Leave the pictures out and restate each entry below word for word.

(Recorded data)
══════
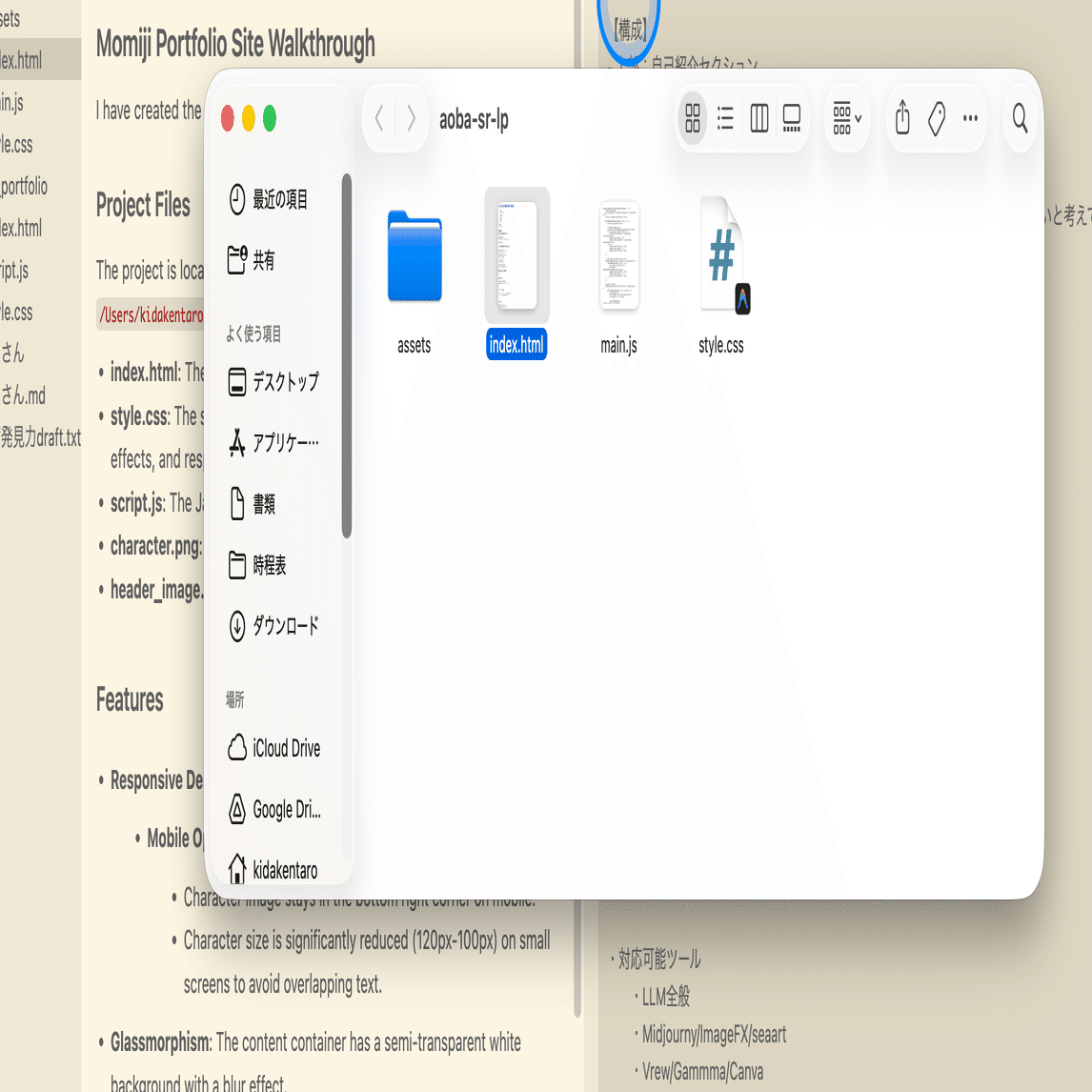 あれやこれや指示を出すだけでポートフォリオサイトが完成しました。
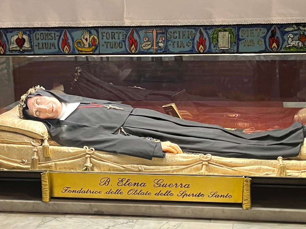 I had been to Lucca, Italy the previous week and brought back a first class relic of newly canonized St. Elena Guerra, thanks to the generosity of the congregation of sisters she founded: Oblates of the Holy Spirit. St. Elena is often referred to as the “Apostle of the Holy Spirit.” She fervently promoted devotion to the Holy Spirit and a renewal of the Church through a new Pentecost.
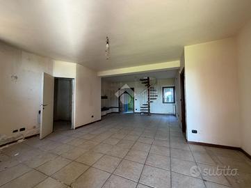 Tramite una scala a chiocciola si accede al primo piano, dove si sviluppa un appartamento trilocale, composto da cucina separata, una spaziosa zona giorno con sala da pranzo, due camere di cui una matrimoniale e una doppia e un bagno finestrato.
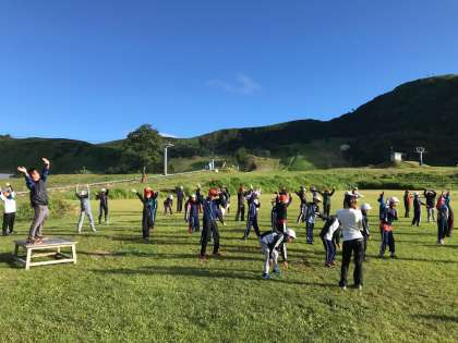 2日目、爽やかな高原の朝。快晴です、朝の会を行い、充実した1日をスタートします。
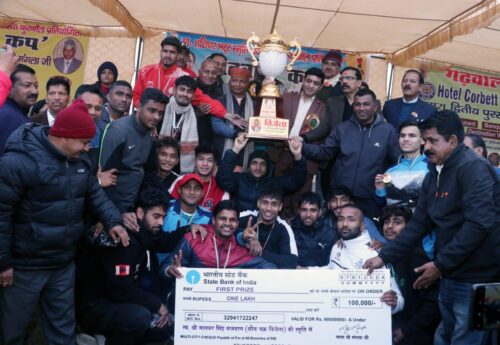 कोटद्वार। गढ़वाल कप का फाइनल मुकाबला उत्तरांचल 11 और तीसरी गढ़वाल के मध्य खेला गया जिसका शुभारंभ हंस कल्चरल फाउंडेशन के दिनेश सिंह रावत एवं अति विशिष्ट अतिथि बुशरा चांद ने संयुक्त रूप से हुआ । मैच के शुरुआती क्षणों में शैलेंद्र नेगी की गोल की बदौलत उत्तरांचल 11ने तीतवाल के ऊपर एक शून्य की बढ़त बना ली और मध्यांतर के बाद राहुल के बोल की बदौलत तीसरी गढ़वाल ने खेल बराबरी पर ला दिया जवाबी हमला करते हुए उत्तरांचल 11 के शैलेंद्र नेगी ने पेनल्टी एरिया के बाहर से गोल दाग कर अपनी टीम को तो 2–1 की बढ़त दिला दी । खेल के अंतिम क्षणों में अमन के गोल ने उत्तरांचल की 11 की जीत पर मोहर लगा दी ।
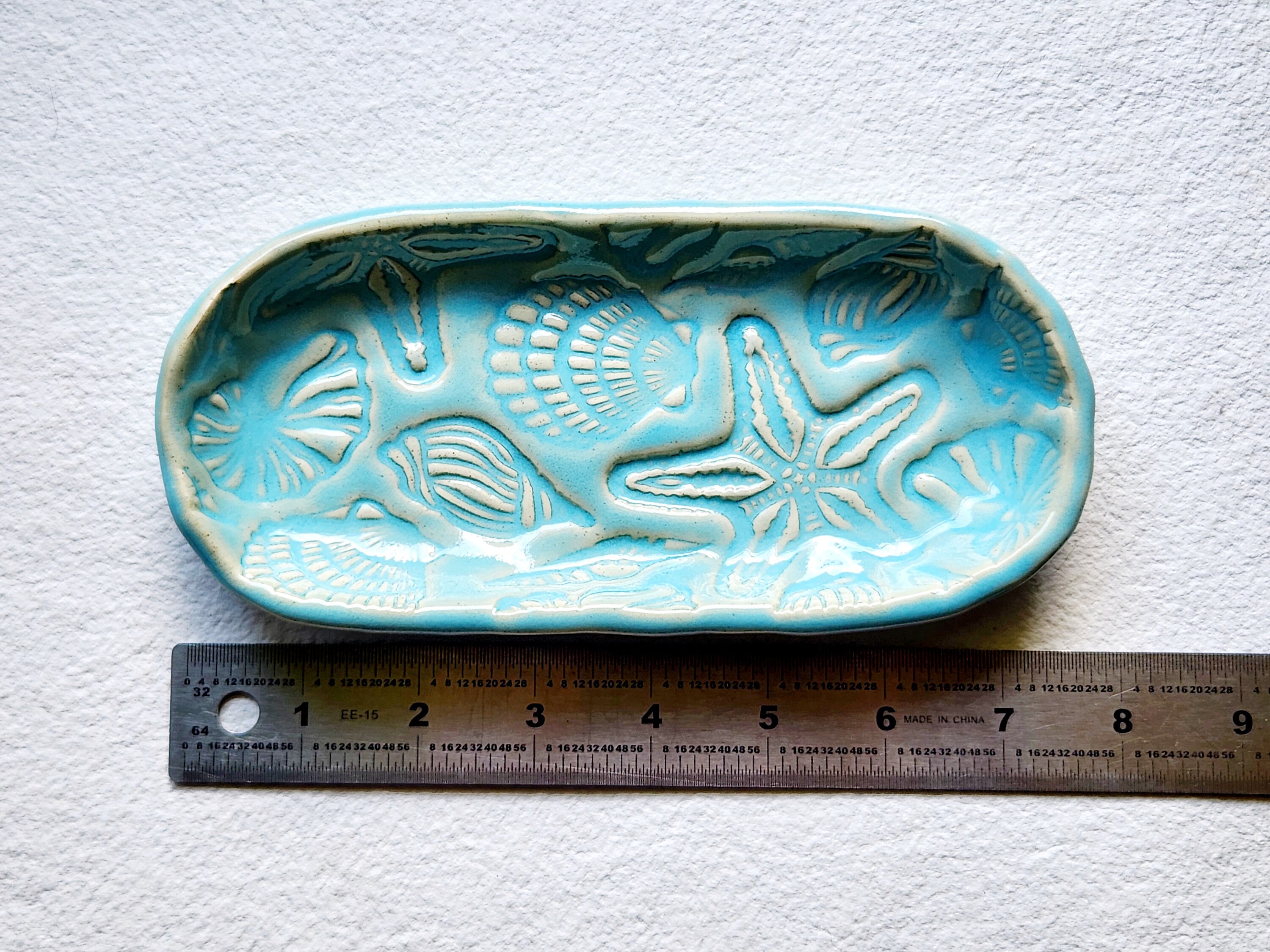 I cannot say enough great things about this shop: beautiful items made caring hands. Her prices are great, and the items are shipped quickly and carefully. They are also packaged in a lovely fashion. With this order she included an adorable little gift: something I would have happily purchased - a small sea turtle magnet. I use my oblong shell plate as a spoon rest everyday. It cleans up well and looks great on the stove. Shop here! You won't be disappointed.
══════
**RESPONSE TO THE EXERCISE**
 あれやこれや指示を出すだけでポートフォリオサイトが完成しました。
 I had been to Lucca, Italy the previous week and brought back a first class relic of newly canonized St. Elena Guerra, thanks to the generosity of the congregation of sisters she founded: Oblates of the Holy Spirit. St. Elena is often referred to as the “Apostle of the Holy Spirit.” She fervently promoted devotion to the Holy Spirit and a renewal of the Church through a new Pentecost.
 Tramite una scala a chiocciola si accede al primo piano, dove si sviluppa un appartamento trilocale, composto da cucina separata, una spaziosa zona giorno con sala da pranzo, due camere di cui una matrimoniale e una doppia e un bagno finestrato.
 2日目、爽やかな高原の朝。快晴です、朝の会を行い、充実した1日をスタートします。
 कोटद्वार। गढ़वाल कप का फाइनल मुकाबला उत्तरांचल 11 और तीसरी गढ़वाल के मध्य खेला गया जिसका शुभारंभ हंस कल्चरल फाउंडेशन के दिनेश सिंह रावत एवं अति विशिष्ट अतिथि बुशरा चांद ने संयुक्त रूप से हुआ । मैच के शुरुआती क्षणों में शैलेंद्र नेगी की गोल की बदौलत उत्तरांचल 11ने तीतवाल के ऊपर एक शून्य की बढ़त बना ली और मध्यांतर के बाद राहुल के बोल की बदौलत तीसरी गढ़वाल ने खेल बराबरी पर ला दिया जवाबी हमला करते हुए उत्तरांचल 11 के शैलेंद्र नेगी ने पेनल्टी एरिया के बाहर से गोल दाग कर अपनी टीम को तो 2–1 की बढ़त दिला दी । खेल के अंतिम क्षणों में अमन के गोल ने उत्तरांचल की 11 की जीत पर मोहर लगा दी ।
 I cannot say enough great things about this shop: beautiful items made caring hands. Her prices are great, and the items are shipped quickly and carefully. They are also packaged in a lovely fashion. With this order she included an adorable little gift: something I would have happily purchased - a small sea turtle magnet. I use my oblong shell plate as a spoon rest everyday. It cleans up well and looks great on the stove. Shop here! You won't be disappointed.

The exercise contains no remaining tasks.